### Data excerpts
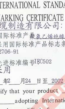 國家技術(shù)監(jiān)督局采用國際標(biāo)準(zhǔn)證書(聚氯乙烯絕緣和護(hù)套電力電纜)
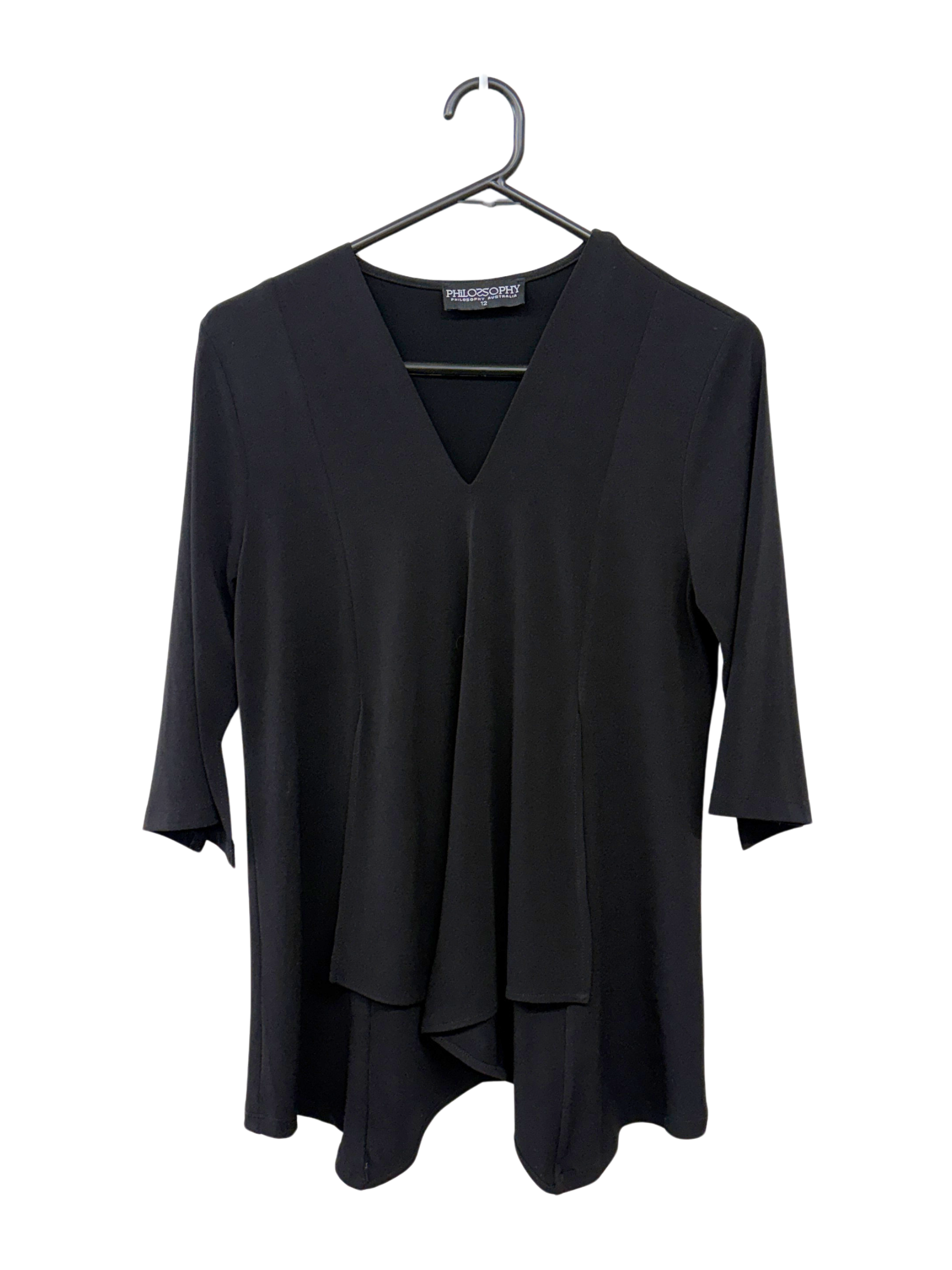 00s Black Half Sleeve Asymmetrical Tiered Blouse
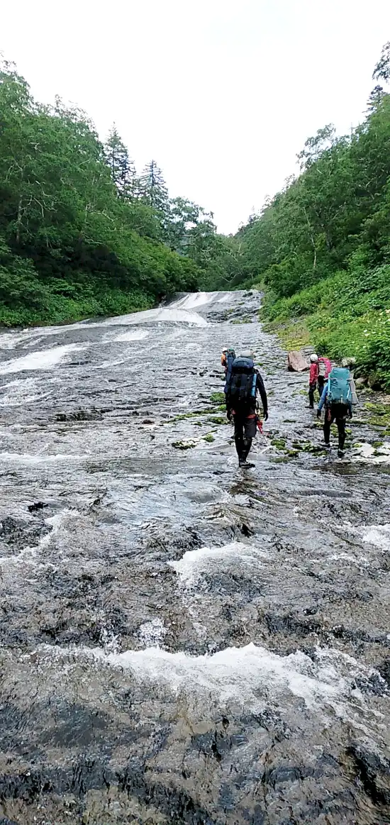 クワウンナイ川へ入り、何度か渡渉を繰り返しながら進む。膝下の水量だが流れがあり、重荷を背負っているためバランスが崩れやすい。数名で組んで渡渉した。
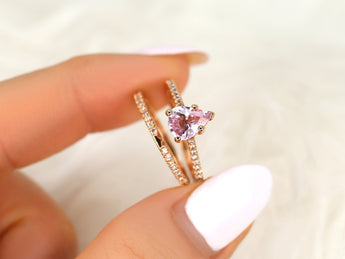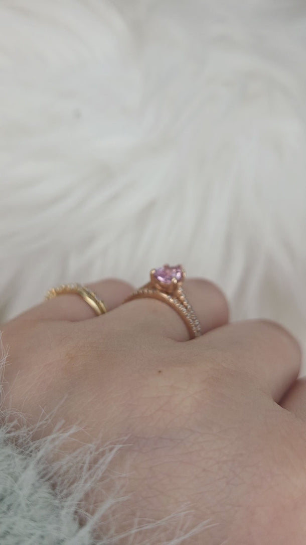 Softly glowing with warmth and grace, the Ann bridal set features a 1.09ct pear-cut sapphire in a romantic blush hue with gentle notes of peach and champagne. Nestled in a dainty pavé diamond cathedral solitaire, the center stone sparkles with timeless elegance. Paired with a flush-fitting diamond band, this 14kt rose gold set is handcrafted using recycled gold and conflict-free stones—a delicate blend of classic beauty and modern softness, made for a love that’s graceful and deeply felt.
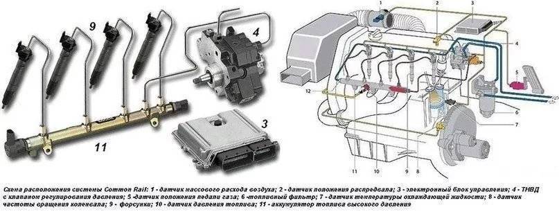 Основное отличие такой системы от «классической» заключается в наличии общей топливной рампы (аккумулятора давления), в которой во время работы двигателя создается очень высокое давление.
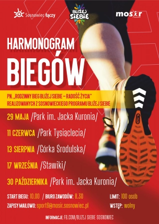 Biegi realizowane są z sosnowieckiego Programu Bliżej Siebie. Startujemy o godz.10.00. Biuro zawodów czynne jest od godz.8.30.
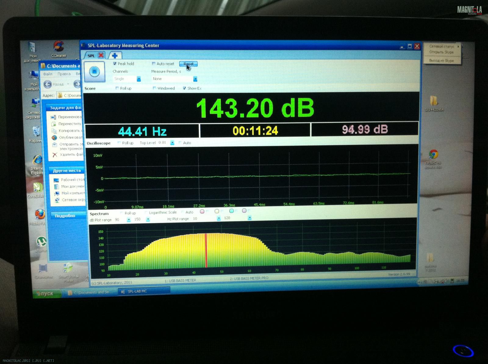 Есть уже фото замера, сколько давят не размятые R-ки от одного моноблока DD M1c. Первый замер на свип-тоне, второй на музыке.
######
### Data excerpts
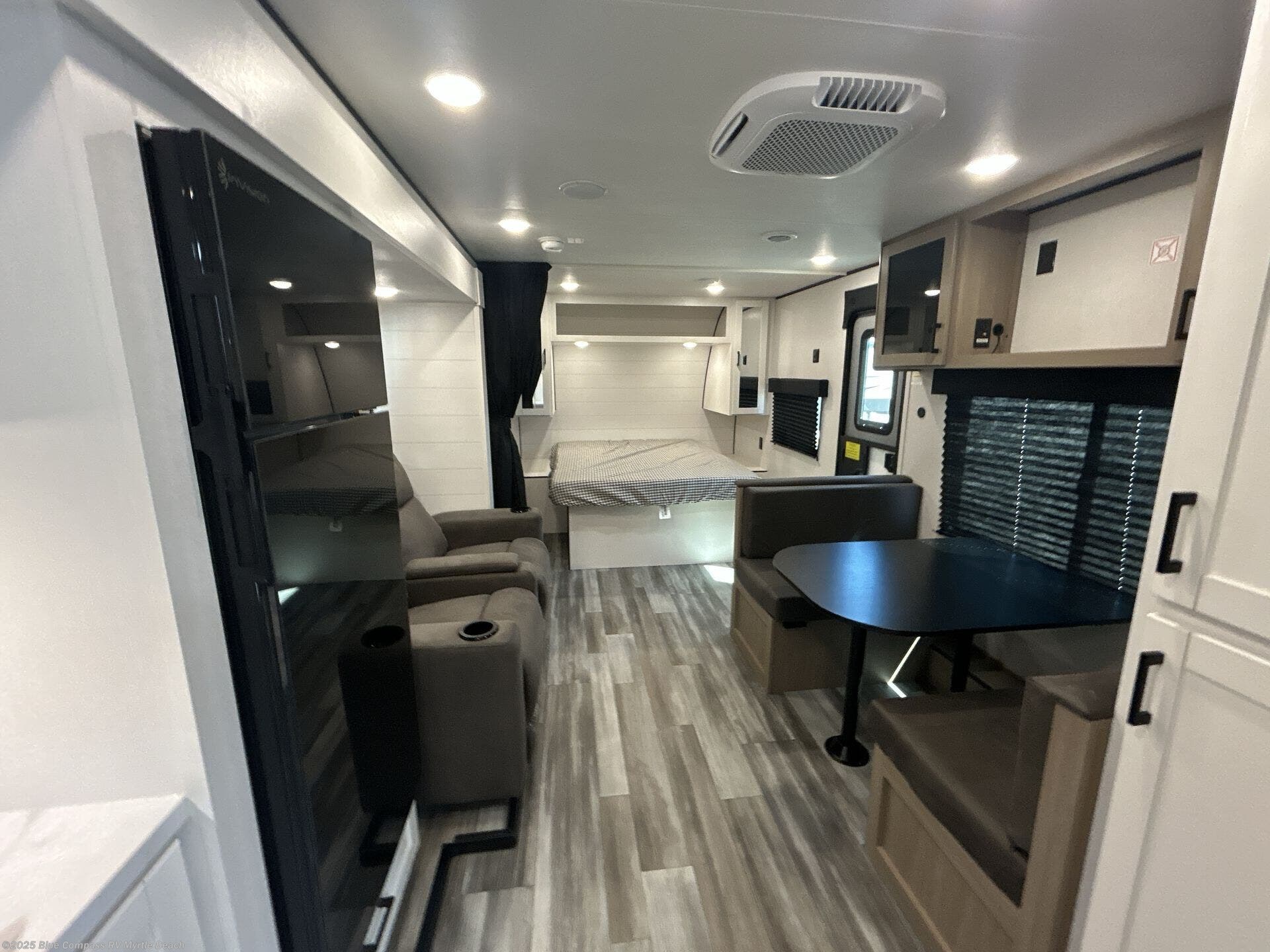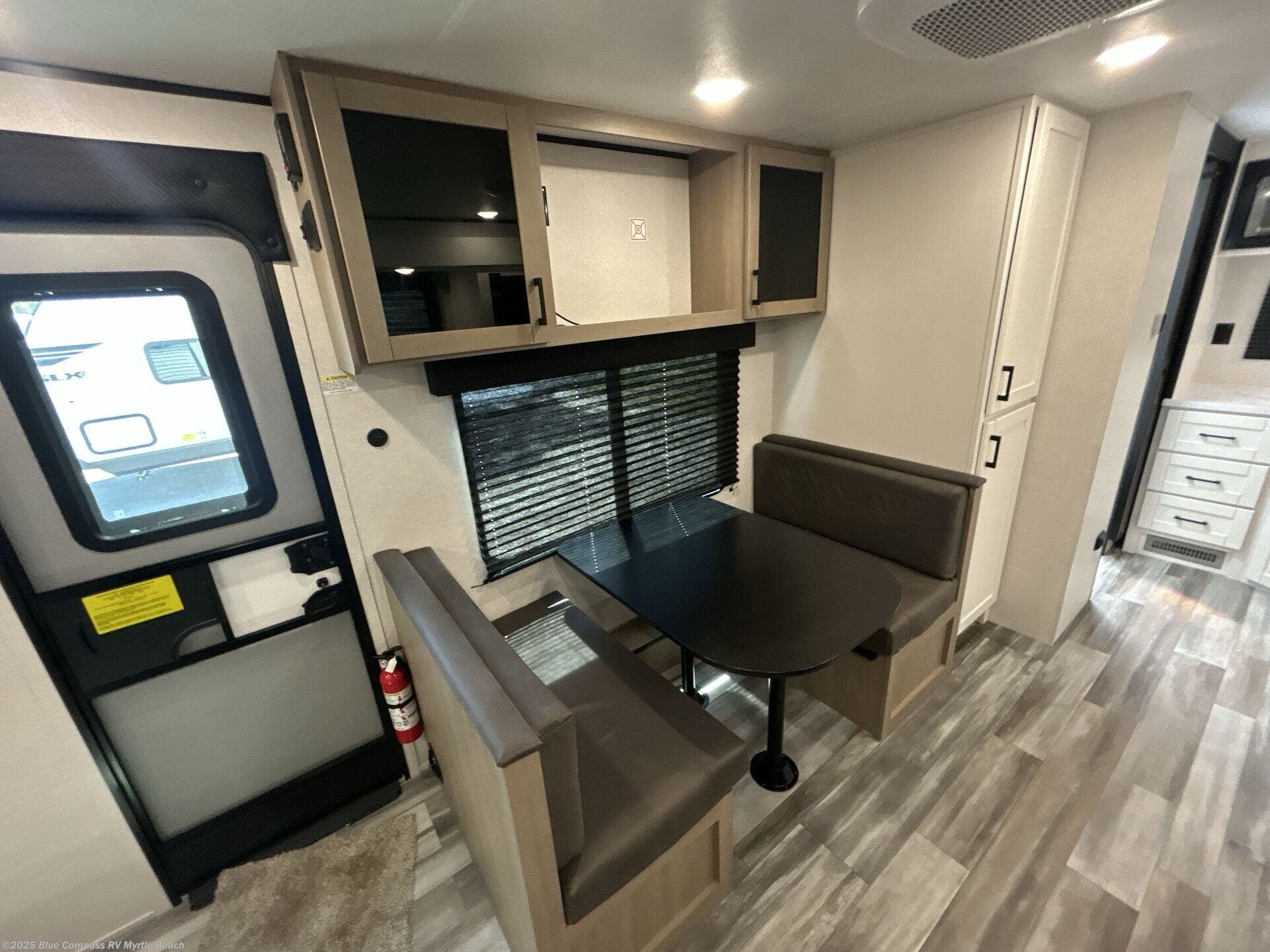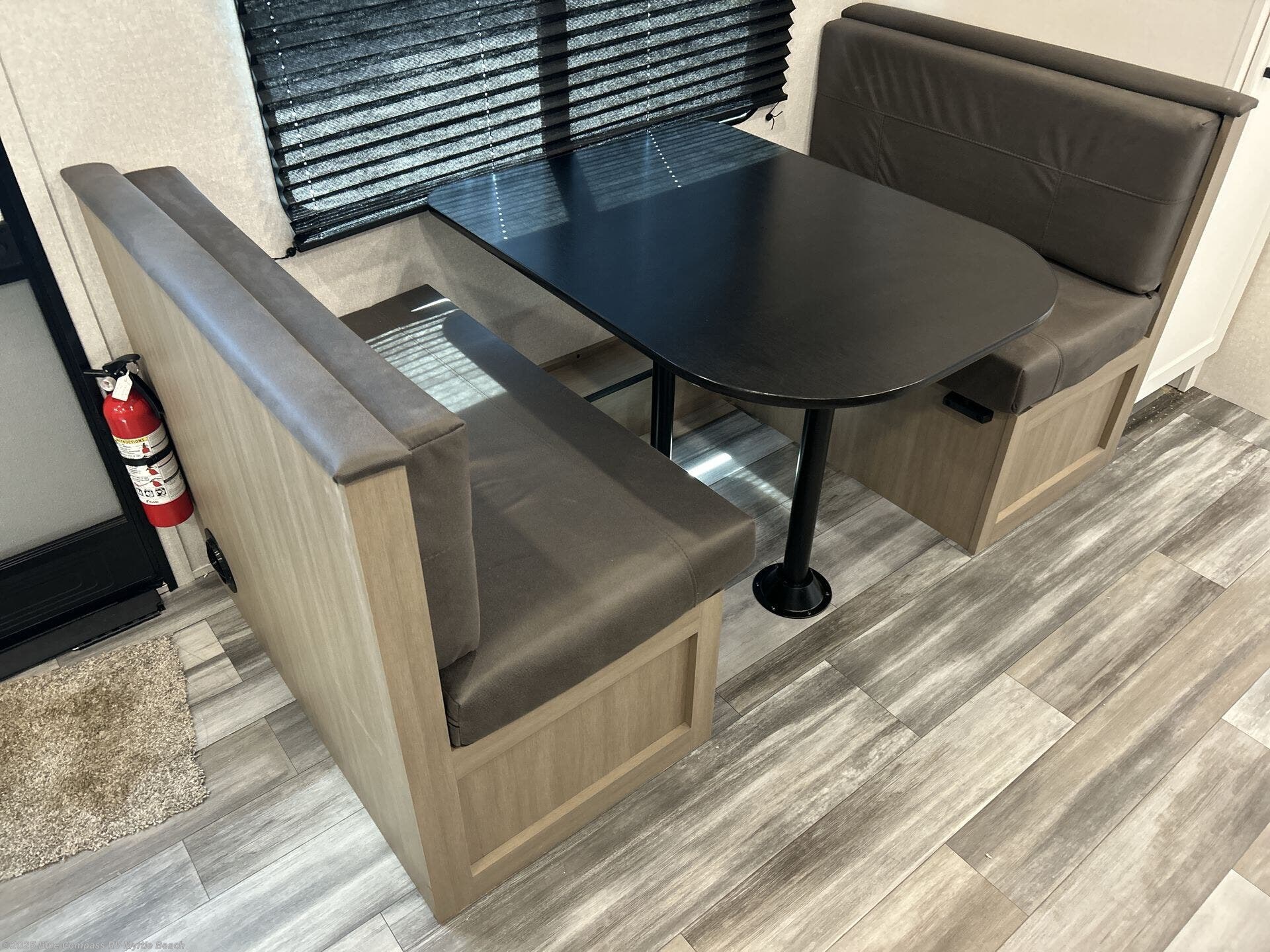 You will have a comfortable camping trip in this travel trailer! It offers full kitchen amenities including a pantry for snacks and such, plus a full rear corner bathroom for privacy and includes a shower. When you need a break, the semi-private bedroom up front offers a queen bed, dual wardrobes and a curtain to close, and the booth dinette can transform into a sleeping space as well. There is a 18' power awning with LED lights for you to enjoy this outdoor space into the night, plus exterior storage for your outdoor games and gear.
######
### How to complete this task
From the records above, give again only the part that opens with the line containing "Biegi realizowane są" and closes with the line containing "Есть уже фото". Keep both ends but drop the pictures.

### Answer for this exercise
 Biegi realizowane są z sosnowieckiego Programu Bliżej Siebie. Startujemy o godz.10.00. Biuro zawodów czynne jest od godz.8.30.
 Есть уже фото замера, сколько давят не размятые R-ки от одного моноблока DD M1c. Первый замер на свип-тоне, второй на музыке.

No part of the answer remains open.